To illustrate the capabilities of pgvector, Lætitia Avrot cites the famous “Chihuahua Challenge”, the objective of which is to distinguish the photo of a chihuahua head from that of a muffin, the resemblance between the two being confusing. Similarity search finds use cases in the professional world. Among the most used algorithms in e-commerce, the nearest neighbor search method (k-NN) allows a merchant site to suggest products similar to those purchased by a customer. Pgvector opens the way to other use cases such as the detection of cases of fraud in the banking sector or the detection of anomalies during the analysis of medical images.
The centralization of complex and vector data made possible is a key element in the eyes of Adrien Nayrat. “Storing this data in the same place minimizes the risks of inconsistencies linked to synchronization between different sources. Any modification is automatically reflected. Updates, version upgrades or maintenance and backup operations are also facilitated.” There is no longer any need to use a vector database like Pinecone. PostgreSQL also offers full-text search functions, so the question of making it coexist with a specialized engine like Elasticsearch no longer arises.
A platform of choice for RAG
Launched in 2021, the pgvector extension has gained a solid reputation among the developer population, as evidenced by its more than 18,000 stars on GitHub. Despite this popularity, it is unlikely to be natively integrated into PostgreSQL. This very demanding integration process is rarely granted. pgvector is not the only AI-oriented extension in the PostgreSQL ecosystem. As its name suggests, pgvectorscale improves the performance and scalability of searches on vector data. Developed by Timescale, the pgai extension allows you to integrate AI capabilities directly into the database, such as authorizing calls to LLMs simply using SQL commands.

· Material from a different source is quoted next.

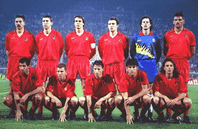 Belgium Position Dress # Club ----------------------------- -------- ------- ---- Albert, Philippe DEF 4 Anderlecht Boffin, Danny MID 16 Anderlecht Borkelmans, Vital DEF 3 Club Brugge Czerniatynski, Alexandre FWD 11 Mechelen De Wilde, Filip GK 12 Anderlecht De Wolf, Michel DEF 14 Anderlecht Degryse, Marc FWD 9 Anderlecht Emmers, Marc DEF 15 Anderlecht Grun, Georges DEF 13 Parma (Ita) Medved, Dirk DEF 2 Club Brugge Nilis, Luc FWD 8 Anderlecht Preud'homme, Michel GK 1 KV Mechelen Renier, Pascal DEF 22 Club Brugge Scifo, Vincenzo MID 10 Monaco (Fra) Smidts, Rudi DEF 5 Antwerp Staelens, Lorenzo MID 6 Club Brugge Van Der Elst, Franky MID 7 Club Brugge Van Der Heyden, Stefan FWD 21 Club Brugge Van Meir, Eric MID 19 Charleroi Verlinden, Dany GK 20 Club Brugge Weber, Josip FWD 17 Cercle Brugge Wilmots, Marc FWD 18 Standard Liege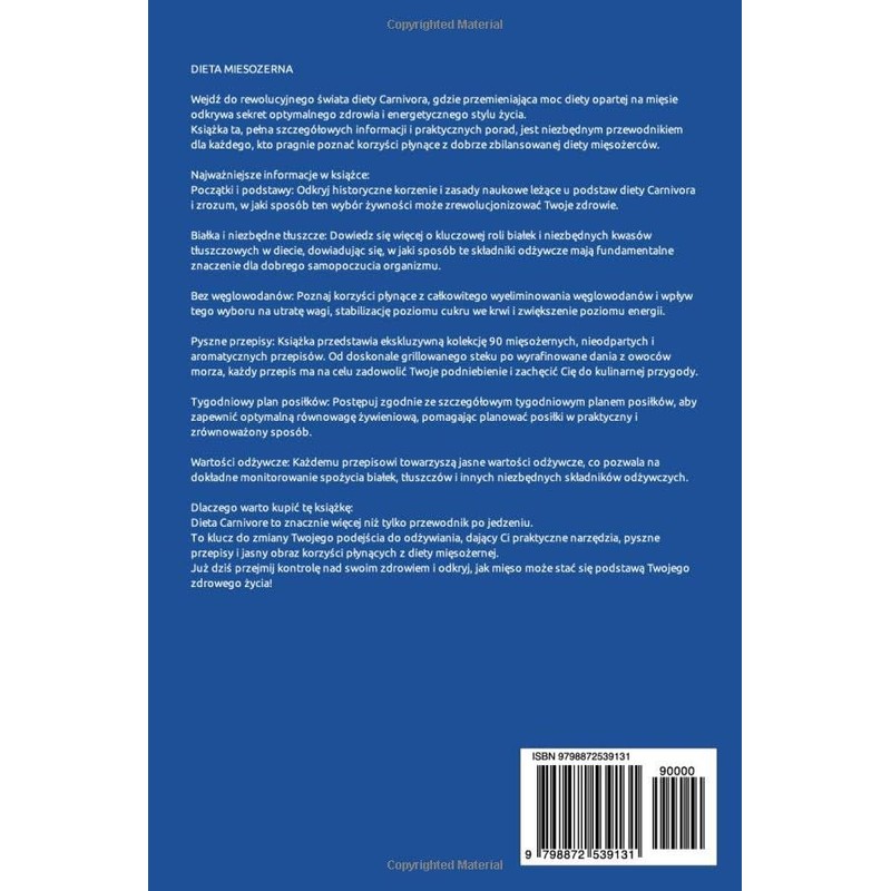 DIETA MIESOZERNAWejd? do rewolucyjnego ?wiata diety Carnivora, gdzie przemieniaj?ca moc diety opartej na mi?sie odkrywa sekret optymalnego zdrowia i energetycznego stylu ?ycia.Ksi??ka ta, pe?na szczeg?owych informacji i praktycznych porad, jest niezb?dnym przewodnikiem dla ka?dego, kto pragnie pozna? korzy?ci p?yn?ce z dobrze zbilansowanej diety mi?so?ercw.Najwa?niejsze informacje w ksi??ce:Pocz?tki i podstawy: Odkryj historyczne korzenie i zasady naukowe le??ce u podstaw diety Carnivora i zrozum, w jaki sposb ten wybr ?ywno?ci mo?e zrewolucjonizowa? Twoje zdrowie.Bia?ka i niezb?dne t?uszcze: Dowiedz si? wi?cej o kluczowej roli bia?ek i niezb?dnych kwasw t?uszczowych w diecie, dowiaduj?c si?, w jaki sposb te sk?adniki od?ywcze maj? fundamentalne znaczenie dla dobrego samopoczucia organizmu.Bez w?glowodanw: Poznaj korzy?ci p?yn?ce z ca?kowitego wyeliminowania w?glowodanw i wp?yw tego wyboru na utrat? wagi, stabilizacj? poziomu cukru we krwi i zwi?kszenie poziomu energii.Pyszne przepisy: Ksi??ka przedstawia ekskluzywn? kolekcj? 90 mi?so?ernych, nieodpartych i aromatycznych przepisw. Od doskonale grillowanego steku po wyrafinowane dania z owocw morza, ka?dy przepis ma na celu zadowoli? Twoje podniebienie i zach?ci? Ci? do kulinarnej przygody.Tygodniowy plan posi?kw: Post?puj zgodnie ze szczeg?owym tygodniowym planem posi?kw, aby zapewni? optymaln? rwnowag? ?ywieniow?, pomagaj?c planowa? posi?ki w praktyczny i zrwnowa?ony sposb.Warto?ci od?ywcze: Ka?demu przepisowi towarzysz? jasne warto?ci od?ywcze, co pozwala na dok?adne monitorowanie spo?ycia bia?ek, t?uszczw i innych niezb?dnych sk?adnikw od?ywczych.Dlaczego warto kupi? t? ksi??k?:Dieta Carnivore to znacznie wi?cej ni? tylko przewodnik po jedzeniu.To klucz do zmiany Twojego podej?cia do od?ywiania, daj?cy Ci praktyczne narz?dzia, pyszne przepisy i jasny obraz korzy?ci p?yn?cych z diety mi?so?ernej.Ju? dzi? przejmij kontrol? nad swoim zdrowiem i odkryj, jak mi?so mo?e sta? si? podstaw? Twojego zdrowego ?ycia!Przewi w gr? i kliknij przycisk ?Kup teraz jednym klikni?ciem!

This on-board management of functionalities can impose PostgreSQL as the platform of choice for recovery-augmented generation or RAG (Retrieval-Augmented Generation) systems. Another extension, pgrag, aims to create pipelines dedicated to these RAGs without leaving the PostgreSQL environment. These last three extensions remain experimental and are far from reaching the level of maturity and adoption of pgvector.
PostgreSQL has, of course, some downsides. Like any open source solution, its installation, configuration, and maintenance can be complex for small organizations that do not have dedicated skills. Although its community is active, its support cannot match the commercial service of a proprietary solution like Microsoft SQL Server. Although PostgreSQL offers advanced security features, it lacks Transparent Data Encryption (TDE), i.e. data encryption at the storage layer. What companies like EDB or Percona offer to fill.
But the other databases have not said their last word. On October 24, MariaDB announced the availability of MariaDB Enterprise Platform 2026, which it presents as “the reference platform for creating the new generation of intelligent applications”. This major version notably integrates RAG pipelines and AI agents which interact with data in natural language. The battle for databases in the AI era is on.